OPINION | JOHN BRUMMETT: Hard to explain the obvious


It's hard to prove what, if anything, is in the head of Republican state legislators in Arkansas, even if the effect of their actions is evident.

Were they misbehaving with deliberate discrimination toward Black people? Or were they just trying to lessen the inconvenience for French Hill in getting re-elected to Congress, which is politics as usual? Or were they simply being smart-alecks, thinking they were clever when they instead were mean, which is not in itself a crime or a racist act?

These Republican legislators redrew the 2nd Congressional District last year in a way that broke Black residents of southeastern Pulaski County out of the district and split them among the 1st District eastward to the Mississippi River and the 4th District southward to the Louisiana line. Then the legislators added to the 2nd District over central Arkansas an overwhelmingly white and Republican county to the north, Cleburne.

Even French Hill can win easily in that configuration.

A local lawyer, Richard Mays, is representing aggrieved Black plaintiffs suing in federal court by alleging that the state GOP surgical knife was plainly wielded purposefully to hurt them because of their race--removing them from their natural political jurisdiction and diluting their voting power.

You're not supposed to dilute deliberately and racially under federal court precedent.

But did the Arkansas Republican legislators dilute deliberately and racially? And, if they did, how can you try to prove it other than to say "just look--isn't it obvious?"

There are a few national law firms that specialize in these kinds of cases in behalf of the political parties. But they take only cases that might lead judges to order changes that perhaps would flip seats to their favor in Congress.

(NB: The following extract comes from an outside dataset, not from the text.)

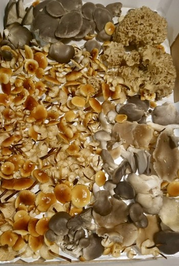 Abgesehen davon gibt es frische Parasole, Tintlinge, Stockschwämmchen und Rauchblättrige Schwefelköpfe. Aber auch Ziegelrote und Grünblättrige mischen sich ein. Zudem gibt es immer noch unzählige Falsche Pfifferlinge. Das Foto rechts zeigt eine meiner bemerkenswerten Dezemberernten.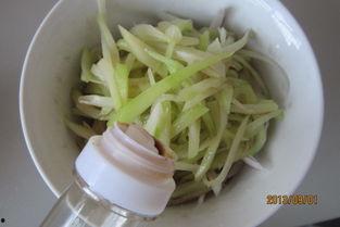 3. 将红葱头丝、佛手瓜丝、黄瓜丝放入碗中,加入生抽、醋、盐调味。

The fact is that a Republican--any Republican, even Hill--will win in the 2nd District with or without this curious excision. The GOP purpose was to save the Republican candidate some fret. A solid Democrat had been able to get to 45 percent four years ago. It cost Tom Cotton's PAC a little money to keep Hill as a minion in the House.

A panel of three federal judges ruled in October that the plaintiffs hadn't proved discriminatory intent, but had raised a conceivably arguable-enough point that they could have a few weeks to try to offer something more substantive than ... well, duh?

The plaintiffs came back last week with ... well, double-duh.

I suspect that the Republican purposes were entirely politics and self-amusement. I tend to think they would have run a thin line to the liberal mid-Little Rock enclave of heavily white Hillcrest and shipped it to the 4th and 1st District if they had thought it wouldn't be such a grotesque gerrymander that the federal courts would look askance.

What they were seeking was dilution of Democrats in the 2nd District, not necessarily Blacks. And they also were seeking the chortling and high-fiving they'd enjoy after sticking it to Democrats, considering that Democrats presumably stuck it to Republicans for decades.

As much as I deplore the brazen GOP assault on Pulaski County, I'm not sure a persuasive federal case can be made that it is a deliberate dilution of Black voting power to move Black residents from a district where they tend to vote on the losing side by moderate margins and split them among two districts where they likely will tend to vote on the side that loses by giant margins.

A fuller explanation of what happened in this affair will require, regrettably, mention of the blessedly gone-from-politics fiddler and champion of fundamentalist intolerance, Jason Rapert.

For the acknowledged purpose of a role in redistricting after the decennial census, he gave up for the session of 2021 the powerful chairmanship of Senate Insurance and Commerce in order to take the chairmanship of State Agencies and Governmental Affairs. That committee would be ground zero for the legislative responsibility and authority in congressional redistricting.

Rapert had complained for years that, a decade before, the state Board of Apportionment redrawing legislative districts and led by two Democrats--Mike Beebe and Dustin McDaniel--had wronged him on purpose, though without negative consequence to him, in reconfiguring his district.

I thought I detected a tone of clever mischief in his explaining that, since some modest adjustment needed to be made owing to population changes, logic called for redrawing from the borders inward to preserve the status quo widely, then to make the necessary equalizing slices and dices in the central county, Pulaski, which only so happened to be easier to work with mathematically in that it contained the highest population numbers.

You'd probably have better luck with an argument that redistricting got done from smug vindictiveness than any scheme to hurt Black people, who were collateral damage.